Copy exactly the lines from the start of the material through the line with "其中,瑞波西利联合内分泌治疗". Pictures stay out of the copy.

* _Given data_:
[Start of section]

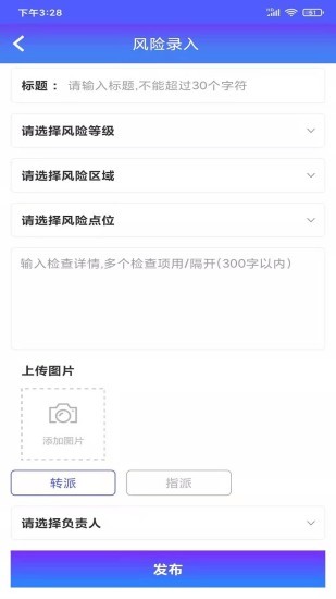 风险录入功能支持多维度分类,可快速选择风险等级、区域和点位,并自动生成风险分布热力图;
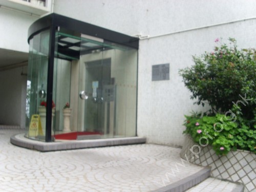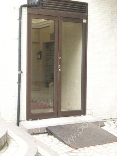 通道闊足1.05米,入口前有兩級梯級,旁邊有斜道,住宅入口有一級梯級,設有兩扇玻璃推門,門內再有兩扇密碼玻璃推門,旁邊有密碼按鈕側柱,無觸覺引路帶。
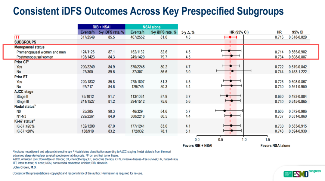 其中,瑞波西利联合内分泌治疗在绝经前人群5年iDFS率达87.1%,较单纯内分泌治疗组提升4.5%,HR值为0.714(CI:0.565-0.902).且无论绝经状态如何,各关键亚组的获益趋势均与总体人群一致[14]
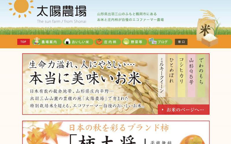 太陽農場http://taiyo-no-nojo.jp/庄内米と庄内柿が自慢のエコファーマー農場「太陽農場」は、独自の「のびのび農法」にて育てた減農薬の庄内米(でわのもち/山形95号/コシヒカリ/ひとめぼれ/シルキークイーン)や、ギフト・贈り物にも人気の「庄内柿」をしっかりと育て販売しています。

[End of section]

* _Result_:
 风险录入功能支持多维度分类,可快速选择风险等级、区域和点位,并自动生成风险分布热力图;
 通道闊足1.05米,入口前有兩級梯級,旁邊有斜道,住宅入口有一級梯級,設有兩扇玻璃推門,門內再有兩扇密碼玻璃推門,旁邊有密碼按鈕側柱,無觸覺引路帶。
 其中,瑞波西利联合内分泌治疗在绝经前人群5年iDFS率达87.1%,较单纯内分泌治疗组提升4.5%,HR值为0.714(CI:0.565-0.902).且无论绝经状态如何,各关键亚组的获益趋势均与总体人群一致[14]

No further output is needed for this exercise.